Cluster (Cluster Analysis) is called cluster again, is a kind of method of research things classification in the mathematical statistics subject.It does not know the classification of sample in advance, and utilizes the priori of sample to come the structural classification device, i.e. unsupervised learning classification.Treat in shortage will adopt unsupervised classification, i.e. cluster analysis under the situation of priori of classification mode.Cluster analysis is with distance and degree of scatter between each proper vector of methods analyst of mathematics. some proper vector may be gathered into several groups, can be by classifying apart from distance between each group.The cluster centre of each class is exactly such core.Comprised the different subclass of SOME PROPERTIES in the sample set, the task of cluster analysis is sought these subclass exactly." things of a kind come together, people of a mind fall into the same group " is the basic point of departure of cluster analysis.

Above-mentioned mode identification technology, extracted the characteristic information of human motion, how could more abundant, more reasonably utilize these information, translated into the control of musical features? here two kinds of schemes have mainly been adopted: first kind, human body attitude is corresponded to fixing note.Second kind, human body attitude is corresponded to a music libraries.

The following describes the various emotional informations of body gesture in the present embodiment.

Health similarly is the sensor that can't close, is constantly transmitting people's mood and state, is constantly transmitting mood and impression.Can cry bitterly during as people's sadness, can dance for joy when exciting, can flush red during indignation, can laugh heartily when glad, the meeting eyes close when frightened.Musical performance then can be expressed specific emotion as sad, indignation, happiness and fear etc.In order to hold the emotion information that human body transmits more exactly, therefrom find out the tie of attitude and music contact, this paper has studied different human body attitudes, now enumerates the most representative posture as follows:

(1) single arm held upward

(2) both hands are backed up

(3) arm is handed in the front

(4) two arm held upwards:

The emotion information of human body attitude transmission usually be subjected at that time sight, concern the influence of external factor such as the depth, culture background.Even if duplicate posture under different environment, culture or identity, also can show different implication.This just makes that research has too many uncertainty, and is subjected to the influence of extraneous factor in many ways.In order to make experimental result simpler, intuitive, clear, we have got rid of the influence of external factor such as environment, culture, identity, directly start with, athletic posture has been corresponded to different notes or music module from the emotion of musical form structure, music style and melody performance.

Below, with of the conversion of the athletic posture of explanation in the present embodiment to note:

Performing artist's left hand has only three kinds of postures: forearm upwards, forearm keeps flat and vertically downward, be used for representing high, medium and low sound respectively.

Eight notes of treble be expressed as successively C3, D3, ^bE3, F3, G3, A3, ^bB3, corresponding motion posture as shown in Figure 1.

Eight notes of middle register be expressed as successively C2, D2, ^bE2, F2, G2, A2, ^bB2, corresponding motion posture as shown in Figure 2.

Eight notes of bass area be expressed as successively C1, D1, ^bE1, F1, G1, A1, ^bB1, corresponding motion posture as shown in Figure 3.

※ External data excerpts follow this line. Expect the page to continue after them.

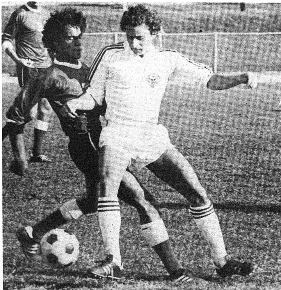
The U of A Golden Bears soccer team played well in their year of full schedule competition.
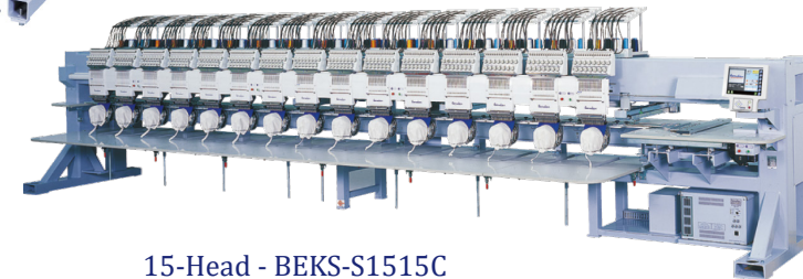
15-Head - BEKS-S1515C

Heavy-duty, steel construction provides stability and minimum vibration resulting in superior stitch quality. Designed to be compact and powerful, our machines will fit through most standard doors so you can set up shop almost anywhere.
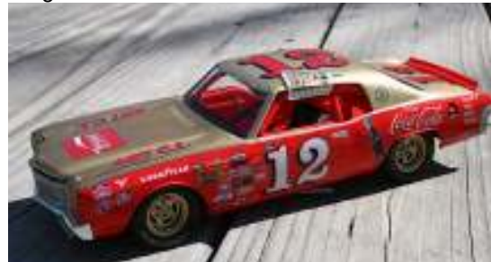
Above - internet photo of a completed kit.

So if you're into building vintage historic NASCAR models, this kit belongs in your collection. Grab one, and end the summer with a bang! ED
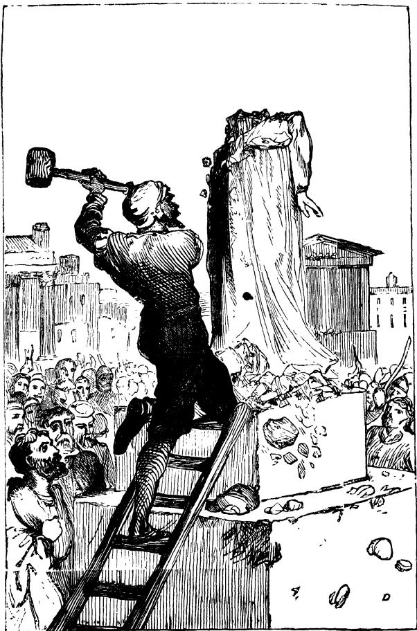
DEFACING THE IMAGE OF SHADDAL.—P. 31
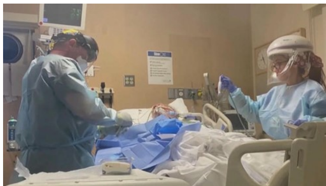
Covid-19 Hospital Response

We have seen much devastation and tragedy throughout our world today. Let us have the mind of Christ Pray and give to those in need
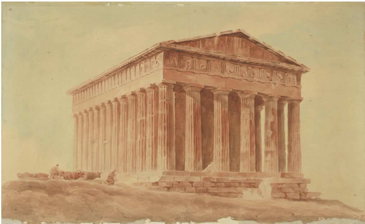
Fig. 1. Mary Hamilton Campbell, “Temple of Theseus”. National Galleries Scotland (Lady Ruthven Bequest), D NG 712. (CC BY-NC 2.0.)

reporters to view the new acquisitions. 29 The inscriptions remained on display until 1946, when, in response to increasing pressure on space in the Gallery, they were sent (along with “a number of classical, medieval and oriental works”) on long-term loan to the Royal Scottish Museum (now the National Museum of Scotland). 30 They were returned to the National Gallery in 1988, and were again put on display until 2010, at which point they were transferred to the stores. 31
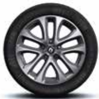
SEBRING - 17" alloys wheels
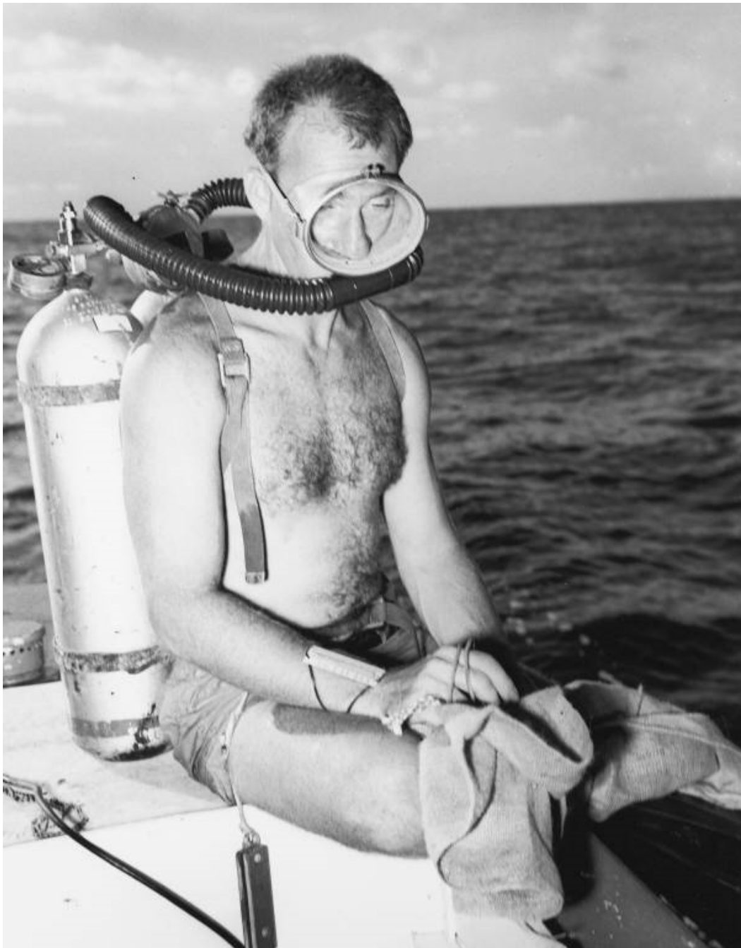
Walter Munk , Capricorn Expedition, 1952

Munk was a participant in the 1952-1953 Capricorn Expedition, one of a long and successful series of expeditions to the deep Pacific organized under the leadership of Roger Revelle. In addition to his other scientific work, Munk joined a small band of scuba divers on Capricorn, the first oceanographic expedition to include a scuba team.

The range broad that this kind scheme is represented, the right hand posture of three octaves of high, medium and low sound is more unified, and the corresponding posture of seven notes designs simple and clearly, and the performing artist is easy to association.But " transition repetition " phenomenon often appears in this scheme in mode identification procedure.So-called " transition repetitions " be meant, the performing artist by a note in the transfer process of another note correspondence posture, the posture of other note has appearred representing.Such as, C1 ^bJust the D1 posture must occur in the transfer process of E1 posture, in the process of Flame Image Process, the D1 posture also can be come out as note is resolved, and this has just destroyed the original performance melody of performing artist.

Introduce below and optimize the back scheme

Scheme after the optimization has added the posture of shank, when both legs close up, expression be bass; When both legs part a little, expression be middle pitch; And when both legs are opened greatly, expression be high pitch.

Figure 4 shows that the motion posture of the bass area representative after the optimization, Figure 5 shows that the motion posture of the middle register representative after the optimization, Figure 6 shows that the motion posture of the treble representative after the optimization.

Difference semitone between adjacent two keys (comprising black key) on the piano, seven notes in octave be expressed as successively C, D, ^bE, F, G, A, ^bB, the various combination posture of both hands has been represented seven notes that octave is interior.The advantage of this sets of plan is: the posture of hand " transition repetition " phenomenon can not occur substantially based on the forearm motion in the performance process.

But the action of this sets of plan is not directly perceived, and the performing artist is not easy to remember the implication of different gestures.Therefore,, must be familiar with the implication that each posture representative shows earlier, then the melody of wanting in the mind to play is converted into corresponding posture, finally get a cover action smoothly glibly if the performing artist wants to play certain section melody.This sets of plan has proposed higher requirement to the performing artist.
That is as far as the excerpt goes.